- **WORK REQUIRED**: In the listing that follows, the range to quote begins at the line that has "짙은 네이비 색상과 과하지" and ends after the line that has "주가가 바닥에서 골든크로스를"; quote it verbatim and add nothing.

- **MATERIAL TO PROCESS**:
--- START ---

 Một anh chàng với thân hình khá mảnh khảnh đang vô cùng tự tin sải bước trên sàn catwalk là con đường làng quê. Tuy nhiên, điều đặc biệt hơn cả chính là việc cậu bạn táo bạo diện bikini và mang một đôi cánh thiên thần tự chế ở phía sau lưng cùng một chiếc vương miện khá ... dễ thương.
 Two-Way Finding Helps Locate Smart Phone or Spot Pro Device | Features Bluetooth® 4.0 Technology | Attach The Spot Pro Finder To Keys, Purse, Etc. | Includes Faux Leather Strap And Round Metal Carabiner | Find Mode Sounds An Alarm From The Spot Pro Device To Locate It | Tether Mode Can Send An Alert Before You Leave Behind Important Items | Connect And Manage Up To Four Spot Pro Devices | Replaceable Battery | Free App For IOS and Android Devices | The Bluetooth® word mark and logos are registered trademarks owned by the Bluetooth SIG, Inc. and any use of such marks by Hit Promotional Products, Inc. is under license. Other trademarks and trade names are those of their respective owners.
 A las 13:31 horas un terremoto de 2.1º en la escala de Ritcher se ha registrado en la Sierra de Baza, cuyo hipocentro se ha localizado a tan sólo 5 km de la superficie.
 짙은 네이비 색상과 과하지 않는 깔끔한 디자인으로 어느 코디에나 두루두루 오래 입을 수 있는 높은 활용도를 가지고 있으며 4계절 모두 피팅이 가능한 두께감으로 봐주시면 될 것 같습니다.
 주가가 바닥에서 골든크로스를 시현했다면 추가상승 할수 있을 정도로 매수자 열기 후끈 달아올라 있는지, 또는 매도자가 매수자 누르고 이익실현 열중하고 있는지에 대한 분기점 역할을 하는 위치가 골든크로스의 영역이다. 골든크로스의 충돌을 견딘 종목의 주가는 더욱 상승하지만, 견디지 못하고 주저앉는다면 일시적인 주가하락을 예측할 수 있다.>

--- END ---
--- START ---

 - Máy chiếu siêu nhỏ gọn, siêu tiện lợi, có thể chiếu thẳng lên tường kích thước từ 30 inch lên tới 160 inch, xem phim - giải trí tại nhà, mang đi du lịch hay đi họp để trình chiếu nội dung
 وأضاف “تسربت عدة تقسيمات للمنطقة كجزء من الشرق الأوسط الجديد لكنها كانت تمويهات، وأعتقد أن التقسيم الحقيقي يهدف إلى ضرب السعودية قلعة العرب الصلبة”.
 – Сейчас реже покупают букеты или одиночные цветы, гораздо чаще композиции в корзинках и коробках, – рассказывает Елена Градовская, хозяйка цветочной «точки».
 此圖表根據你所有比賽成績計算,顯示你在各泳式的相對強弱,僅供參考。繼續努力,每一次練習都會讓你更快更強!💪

--- END ---

- **WRITTEN SOLUTION**:
 짙은 네이비 색상과 과하지 않는 깔끔한 디자인으로 어느 코디에나 두루두루 오래 입을 수 있는 높은 활용도를 가지고 있으며 4계절 모두 피팅이 가능한 두께감으로 봐주시면 될 것 같습니다.
 주가가 바닥에서 골든크로스를 시현했다면 추가상승 할수 있을 정도로 매수자 열기 후끈 달아올라 있는지, 또는 매도자가 매수자 누르고 이익실현 열중하고 있는지에 대한 분기점 역할을 하는 위치가 골든크로스의 영역이다. 골든크로스의 충돌을 견딘 종목의 주가는 더욱 상승하지만, 견디지 못하고 주저앉는다면 일시적인 주가하락을 예측할 수 있다.>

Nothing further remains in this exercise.